FIGURE 11 An 89-year-old woman with a prior right upper outer quadrant benign biopsy (scar marked on mammographic views (arrows)—A, MLO; B, CC). Multiple lobular and circumscribed masses are seen within moderately dense breast tissue, especially in the upper outer quadrant near the scar. Ultrasound of the corresponding area suggested two cysts and one solid mass, for which biopsy was recommended. Breast-specific gamma imaging (BSGI) (C, MLO; D, CC) shows multifocal upper outer quadrant increased activity, with three discrete sites of increased uptake. At surgical pathology, a multilobed mucinous carcinoma, with ductal carcinoma in situ was confirmed.
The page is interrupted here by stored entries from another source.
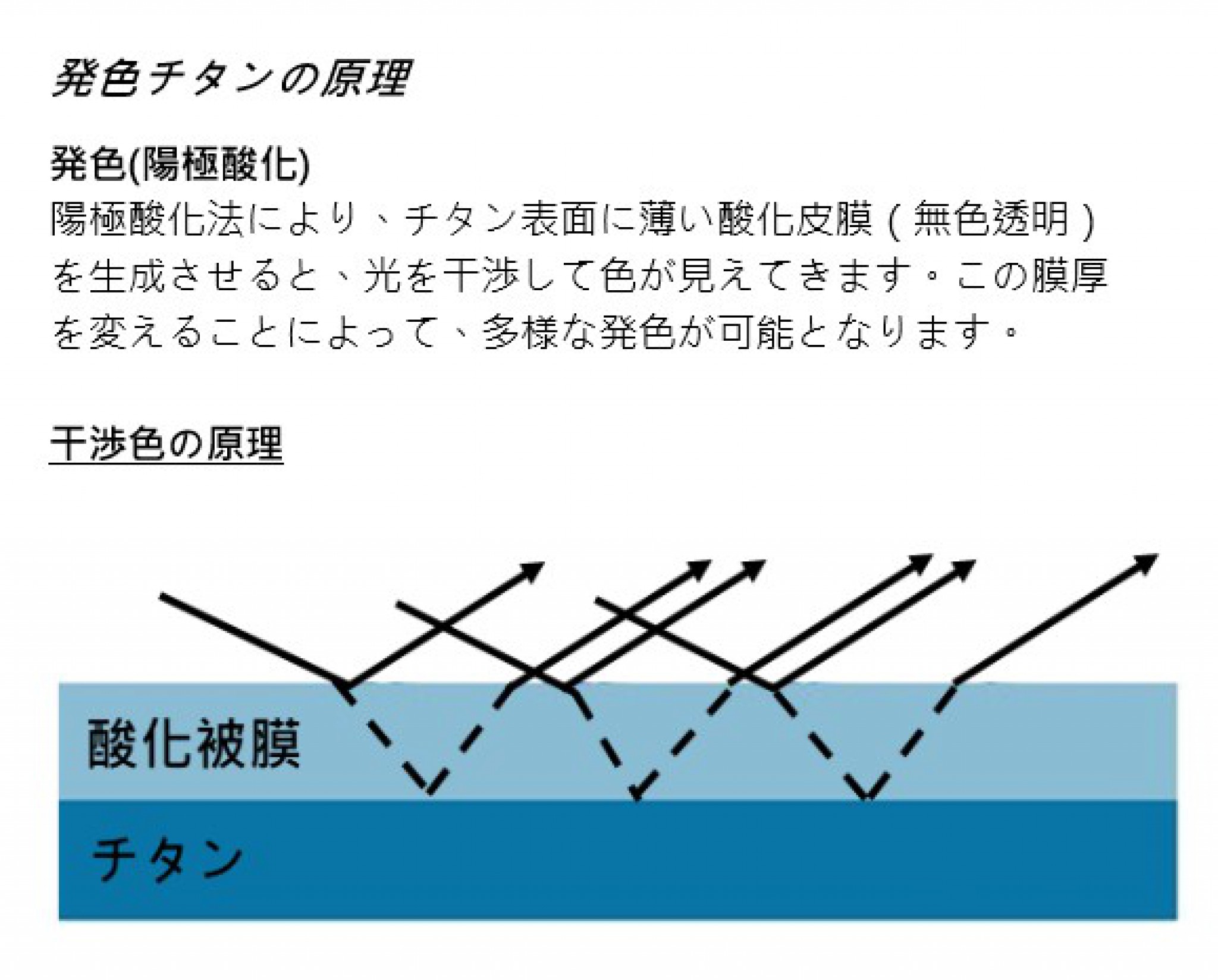 陽極氧化發色的原理是以陽極氧化法在純鈦板的表面形成一層非常薄(無色透明)的氧化膜,利用光的折射原理,使人眼看見折射後的各種顏色。氧化膜的厚度不同,人眼所看見的顏色就不同。氧化膜最薄從0.01μm 開始,以 0.01μm 為增分單位加厚,最厚可以製造到0.15μm,因此純鈦金屬建材的發色可以表現豐富而絢麗的色彩,可以說是夢幻的金屬建材。
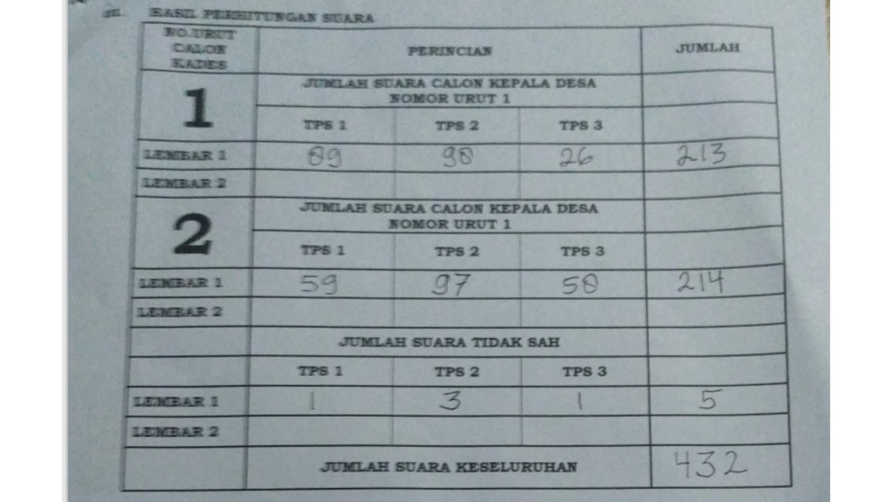 LINGGA , Poteretnusantara id – Pelaksanaan Pemilihan Kepala Desa di Pulau Bukit, Kecamatan Katang Bidara, Kabupaten Lingga yang hanya selisih satu suara, diminta untuk diulang, oleh pendukung salah satu pasangan calon kepala desa, nomor urut satu, karena didapati beberapa pemilih yang belum cukup usia pemilih menggunakan hak pilihnya.
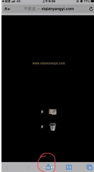 3,點(diǎn)擊下方“分享”(即隔空投送對(duì)應(yīng)的圖標(biāo))
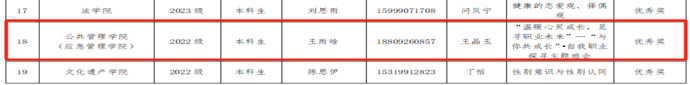 为贯彻落实学校《关于面向全校学生征集“心相遇 爱同行——心理健康教育伴我成长”主题征文的通知》要求,公管院全院学生积极参与“心相遇 爱同行——心理健康教育伴我成长”主题征文活动。征文经院系选拔后参与校内评比,我院亓馨竹同学凭借原创作品《黎光布空,雀默多春》荣获二等奖,我院王琬宁同学凭借原创作品《走出阴霾,遇爱重生》荣获三等奖。

(Case courtesy of Dilon Technologies)

Currently, no biopsy capability using functional imaging modalities for guidance is readily available, although feasibility studies have been done and this should be available in the near future.

DISTANT METASTASES

Routine imaging with bone scan, CT, and PET is not indicated for early-stage (stage I and II) breast cancers. Patients with limited-stage breast cancer who have symptoms, such as back or bone pain, or right upper quadrant pain; physical examination abnormalities (such as jaundice or hepatomegaly), or laboratory abnormalities can be considered for imaging to exclude distant metastatic disease. Patients with locally advanced breast cancer or evidence of axillary nodal involvement by physical examination or imaging should be considered for systemic imaging after a detailed history, physical exam, and laboratory evaluation.

TEACHING POINTS

Breast imagers need to constantly guard against “satisfaction of search.” By fully defining the extent of disease, the appropriate surgical therapy can be planned. The occurrence of synchronous ipsilateral or bilateral breast cancer is about 3% to 5%. For localized breast cancer, the 20-year follow-up reports of two pivotal prospective randomized trials demonstrated that survival after a lumpectomy with radiotherapy is equal to survival after mastectomy. However, these studies are based on patients in whom clear margins were obtained. By better defining the extent of disease preoperatively, the likelihood of obtaining clear margins at initial surgery can be improved. Pathologic margin status is the most important predictor of local recurrence after breast conservation with radiation. Even when clear margins are obtained, many patients have remaining foci of disease. The role of radiation therapy is to treat these areas of occult residual tumor. The risk for local recurrence may be diminished if the residual tumor burden after surgery is minimized. This is even more important in patients who undergo partial breast irradiation rather than whole breast irradiation.

TEACHING POINTS

This case illustrates well how a multimodality approach can yield critical additional information to most accurately stage a newly identified breast cancer. Mammography was not particularly useful in this patient, owing to breast density, but confirmed that there were no microcalcifications. Prospectively, ultrasound identified the index tumor and provided guidance to confirm the diagnosis of IDC. However, no additional disease sites were recognized prospectively on ultrasound to suggest multicentric disease. However, with the breast MRI as a roadmap for a directed, second-look ultrasound, more subtle correlates could be discerned and targeted for sampling, confirming two separate sites of DCIS remote from the IDC, indicating that the patient’s disease should be treated surgically with mastectomy.

This case also illustrates ductal extension on ultrasound, a sonographic sign suspect for malignancy, as delineated by Stavros and colleagues. This feature is less frequently seen or recognized than other features of malignancy, such as taller-than-wide shape and shadowing.